6. Run the simulation WY2017-2018-Outflow Curve and view the results graph of the Schafer Dam reservoir element.
Results Discussion
Examine the model performance of reservoir routing against the observed reservoir elevation using the outflow curve routing method. Next, refer to the results of the Rule-Based Option for an HEC-HMS Reservoir Element and compare model performance between the two routing methods.

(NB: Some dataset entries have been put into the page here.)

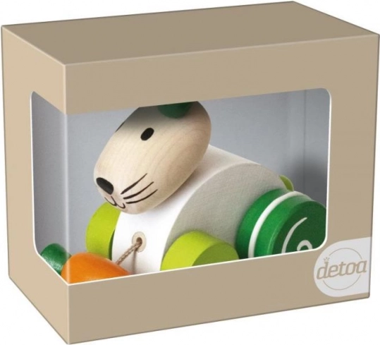 Een schattige trekfiguur in de vorm van een konijn met een wortel ondersteunt de eerste stapjes van je kind. Door het eenvoudig trekken aan het touwtje motiveert het tot bewegen en ontwikkelt het de motoriek. Inclusief eco-natuurlijke verpakking – een geweldig cadeau voor kleine ontdekkers.
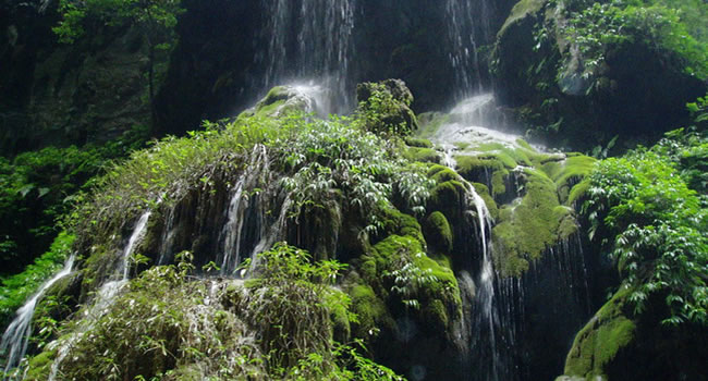 大大小小的泉水順著苔鮮爭相跳躍而下,在陽光的投射下熠熠生輝,讓你想起古人所云:“大珠小珠落玉盤!比嗽趰{中走,水在峽中飛,時隱時現(xiàn)的陽光,飛泉流瀑濺起的水霧,奇形怪狀的石乳形成一片如夢如幻的世界,這浪漫之旅,讓人留連忘返,不忍離去。
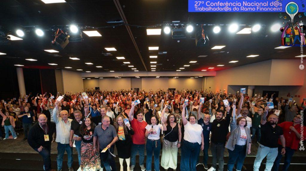 Após dois dias de debates, a 27ª Conferência Nacional dos Bancários aprovou neste domingo 24 de agosto em São Paulo o plano de lutas da categoria para o próximo período que inclui desde questões corporativas como mais saúde e melhores condições de trabalho e combate às metas abusivas e ao assédio moral, defesa do emprego e fim da terceirização, até temas urgentes da conjuntura política e econômica, como a defesa enfática da democracia, da soberania nacional e dos bancos públicos, hoje sob ataques do governo Trump com apoio da família Bolsonaro e seus seguidores, o que configura um crime de traição à pátria que precisa ser punido.
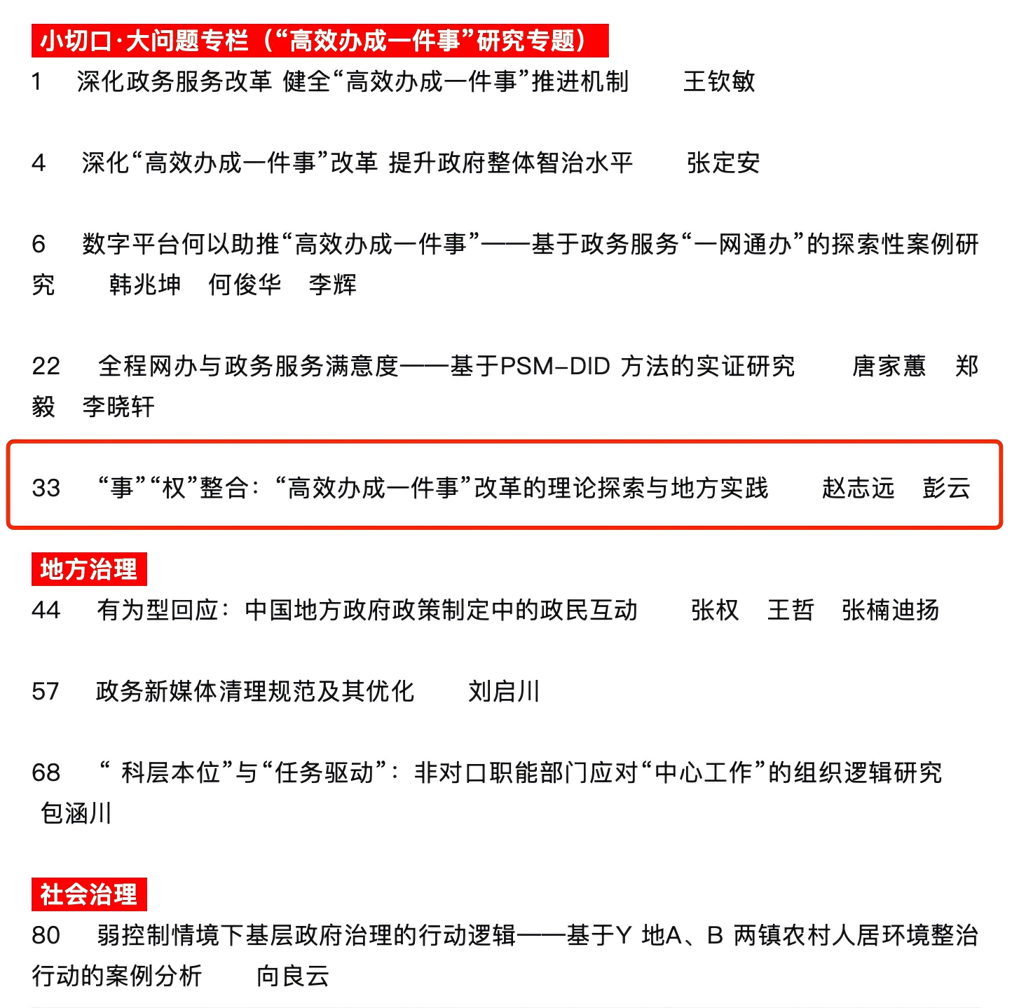 日前,《中国行政管理》期刊公布了2025年第6期目录。伟德BV1946官网讲师、中国政府发展联合研究中心研究员赵志远与中国行政管理学会副研究员彭云合作撰写的《“事”“权”整合:“高效办成一件事”改革的 理论探索与地方实践》一文获得发表。

The model performance with respect to reservoir elevation/storage is better when the reservoir is routed with rule-based operations (top) as compared to outflow curve routing (bottom). Complex rules and operating guidelines are not easily captured in a single outflow curve and for most daily operations and routing of non-extreme events outlet works operations are crucial for accurately modeling outflow.
Question
- When might a single outflow curve would be a more appropriate routing method?
The Outflow Curve routing method is ideal when a reservoir doesn't have a complex release schedule or when modeling large inflow events during which the discharge through is negligible in comparison with total discharge from the dam. In the case of Success Dam, when the pool is near the top of dam, the estimated releases from the outlet works account for around 1% of total outflow. This routing method would be well suited for modeling a Probable Maximum Flood through a reservoir.